Well … not so fast!  I glossed over one small little detail – the kernel executes in the background and returns to the C++ program immediately.  So after the first line, execution will continue.  But the read() call will automatically block waiting for the kernel to complete execution, so all is fine in this example.  But if we really wanted to wait for the kernel to complete execution, we can use a QCLEvent:

QCLEvent event = colorize(srcImageBuffer, dstImageBuffer, color);
QPainter painter(this);
painter.drawImage(0, 0, dstImage);

Other Examples

The QtOpenCL repository has a number of examples that you can play with:

  • Vector addition example – another simple introduction to QtOpenCL.
  • Mandelbrot viewer program that demonstrates generating QImage data and GL textures via OpenCL.
  • Gaussian blur example and benchmarks that compare it with Qt’s graphics effects.
  • Bezier patch sub-division example to demonstrate using OpenCL like a geometry shader to generate large numbers of vertices.
  • Simple path and image drawing and blending.

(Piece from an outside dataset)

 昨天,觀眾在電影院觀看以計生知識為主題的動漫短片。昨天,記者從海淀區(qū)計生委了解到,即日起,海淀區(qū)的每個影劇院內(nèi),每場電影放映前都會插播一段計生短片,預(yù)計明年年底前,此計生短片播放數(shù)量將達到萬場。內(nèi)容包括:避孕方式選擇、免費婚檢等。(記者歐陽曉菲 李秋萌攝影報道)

And now an obligatory screenshot.  The mandelbrot viewer zooms into the well-known set down to this image:

Mandelbrot screenshot

On my Linux desktop’s NVIDIA GeForce GTX 275, this can get up to 120 frames per second, running across 30 compute units, without breaking a sweat.  To put this into perspective, the same algorithm running on the CPU struggles to achieve 5 frames per second.  Offloading all that work, and breaking it up into 8×8 work chunks makes a huge difference (initially performance wasn’t that great until I realized that it was using a 1×1 work size).

QtOpenCL and QtConcurrent

There is a little bit of interaction between QtOpenCL and QtConcurrent, as described here. Because of QtConcurrent’s background on homogeneous multi-core CPU’s, there’s a bit of work that needs to be done to truly marry the two worlds, but nothing is impossible. For now, the most useful feature of the interaction is that you can get a QFuture for a kernel execution and pass it to a QFutureWatcher for signal notification:

QCLEvent event = kernel(arg1, arg2);
QFutureWatcher<void> *watcher = new QFutureWatcher<void>(this);
connect(watcher, SIGNAL(finished()), this, SLOT(eventFinished()));

Or alternatively, using the implicit conversion between QCLEvent and QFuture:

QFutureWatcher<void> *watcher = new QFutureWatcher<void>(this);
watcher->setFuture(kernel(arg1, arg2));
connect(watcher, SIGNAL(finished()), this, SLOT(eventFinished()));

Embedded Devices

Right now, QtOpenCL works very well with desktop OpenCL implementations, like that from NVIDIA (we’ve tested it under Linux, Mac, and Windows). Embedded devices are currently another matter – OpenCL implementations are still very basic in that space.  The performance improvements on embedded CPU’s are only slightly better than using ARM/NEON instructions for example.  And embedded GPU’s are usually hard-wired for GLSL/ES, lacking many of the features that makes OpenCL really sing.  But like everything in the embedded space, things are likely to change very quickly. By releasing QtOpenCL, hopefully we can stimulate the embedded vendors to accelerate development by giving them something to test with.  Be the first embedded device on the block to get the mandelbrot demo running at 10fps, or 20fps, or 60fps!

Future Work

A lot of stuff remains to be done, particularly with respect to how we can use OpenCL inside Qt itself.  There are many places where it could be useful:

  • Accelerating image blending and path drawing in the raster paint engine.
  • Fast on-the-fly decompression and scaling of JPEG images.
  • Graphics effects: blur, colorize, bloom, etc, etc, etc.
  • Particle effects and other physics simulations.
  • Mesh subdivision and morphing algorithms in Qt/3D.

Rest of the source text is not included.